Евгения не удержалась и три раза сплюнула через плечо.
– А Софье улыбнулось… Страшная улыбка, жуткая…
Анатолий Данилович учащенно задышал. Остановив машину, сунул руку в карман, достал оттуда склянку с таблетками, бросил под язык белый кружочек.
– Извините, это у меня от волнения…
– Нитроглицерин?
– Да.
– Сердце?
– Есть чуть-чуть…
– Как вы машину в таком состоянии ведете?
– Ничего, уже прошло. Поехали?
Евгения задумалась. Может, лучше ей на станции сойти? На поезде надежней будет, а то как бы не налетел дед на встречную машину… Но в то же время за ним присмотр нужен. Если вдруг что, она сможет выправить руль. Если повезет…
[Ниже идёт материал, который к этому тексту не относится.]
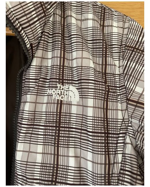 Ladies The North Face Zip-Up Softshell Jacket in size small. Brown and cream checked pattern. Shower proof, warm and cosy.

– Что вы молчите? – спросил он. – Не хотите ехать?
А машина уже катила по гравийному полотну, еще немного, и будет поселок с выездом на шоссейную дорогу.
– Да нет…
– Или боитесь?
– А я не из трусливых… Что с внучкой вашей случилось? – спросила она и тут же пожалела о том.
Вдруг у старика снова прижмет сердце.
– Что случилось?.. А муж непутевый попался. Сам с наркоманами связался и ее за собой потянул…
Но нет, все нормально с ним. Не хватается за сердце, не лезет в карман за таблетками.
– За наркоту взяли?
– Да нет… Мужа ножом ударила.
– А говорили, что у нас в зоне убийц нет.
– Так не насмерть же… Но два года получила. Могла бы и больше, но у меня знакомый есть… Ладно если бы два года. У нее СПИД нашли, вот что страшно. Все из-за наркотиков проклятых…
– Да, гадость еще та…
– Я ей лекарства возил. Дорогие очень, и не достанешь еще. Если бы еще и помогали…
– Ну, бывает же, что с этим до смерти живут…
– Если просто инфекция, а когда болезнь прогрессирует, то уже не спасешь… Никогда к наркотикам не прикасайся, слышишь, – затряс подбородком старик.